Neuroscientists have nailed down the innate differences between men and women. Not in intelligence, or moral reasoning, but differences (e.g., emotions, pain tolerance, sexual attitudes) attributable to the influences of hormones, which in turn derive from the expression of genes on their different chromosomes (XX for women, XY for men).
Behavioral geneticists have found that the five major ways in which psychologists say personalities differ are heritable, with perhaps 40 to 50 per cent of the variation in a typical population tied to differences in their genes, hardly any of it attributable to family influences, with some 50 per cent of the variation unaccounted for. The five major traits can be easily remembered using the mnemonic “OCEAN”: Open to experience or incurious, Conscientious or undirected, Extrovert or introvert, Agreeable or antagonistic, Neurotic or stable.
Identical twins share many innate tendencies even though separated at birth and raised in very different environments. Siblings tend to differ greatly in personality even when raised in the same environment, but are more alike than non-siblings raised with them. A man is abusive because his father abused him? More likely the trait was inherited rather than learned.
All this new knowledge is rejected by those who can’t abandon their cherished beliefs, often because of four major fears:
(1) The fear of inequality, that recognizing innate differences in humans leads to discrimination and injustice. However, just because people are born different does not justify treating them unequally. Male and female brains are now known to differ, but that should play no role in career assignments, which should instead be career choices, with merit-based success.

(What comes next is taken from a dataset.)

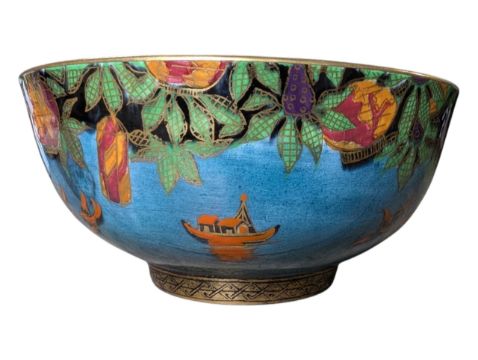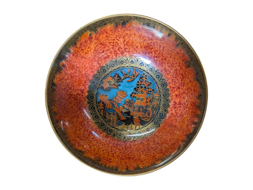 Red, orange & blue ground with gilt decorations of boats and birds, pagoda decoration to inside of the bowl

Gender feminists deny any physical difference, while equity feminists correctly accept it while struggling for equality of opportunity.
(2) The fear of imperfectibility, that people who are born imperfect must remain so. While born psychopaths are unlikely to become saintly, undesirable traits can usually be modified or controlled sufficiently well to satisfy society’s demands. The naturalist fallacy says that whatever happens in nature is good, while the moralist fallacy says that if a trait is moral it must be found in nature. As Katherine Hepburn said to Humphrey Bogart in The African Queen, “Mr. Allnut, nature is what we are put in this world to rise above.”

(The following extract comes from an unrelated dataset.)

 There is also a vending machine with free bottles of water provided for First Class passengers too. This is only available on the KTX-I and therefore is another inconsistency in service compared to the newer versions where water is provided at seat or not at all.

(3) The fear of determinism, that deep down we are not responsible for, or in control of, our life choices. Inheriting tendencies does not mean we cannot be held responsible, with consequent discouragement, for undesirable behaviors. We do have free will. It is the individual, not society, who must be corrected.

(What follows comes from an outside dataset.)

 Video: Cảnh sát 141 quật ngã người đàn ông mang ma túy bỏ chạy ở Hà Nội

(4) The fear of nihilism, which has two versions, religious and secular. The religious fear is that a materialistic view of the mind is inherently amoral. However, evolution has endowed us with a moral sense, which we have expanded through reason, knowledge, and sympathy for others, more moral than religions that have been the cause of millions murdered. The secular fear is that biology drains life of meaning because it deflates the values we most cherish. It is not understood that how an organism evolves through natural selection is not how it operates here and now. The motives of our genes (copying themselves) do not map one-to-one with the motives of the organism that they create.
Pinker has five chapters on what he calls “Hot Button” subjects: Politics, Violence, Gender, Children, and The Arts. In each he shows that adherence to the five myths is holding back the advance of civilization. A final chapter, The Voice of the Species, sums it all up. The Blank Slate’s dark side is that it leads to totalitarianism and perverts education, child rearing, and the arts to forms of social engineering. Its corollary, the Noble Savage, invites contempt for the principles of democracy, “and in matters of policy it has elevated sappy dogmas above workable solutions.” And he wrote earlier, “all acts are products of cognitive and emotional systems in the brain,” not chosen by a Ghost in the Machine.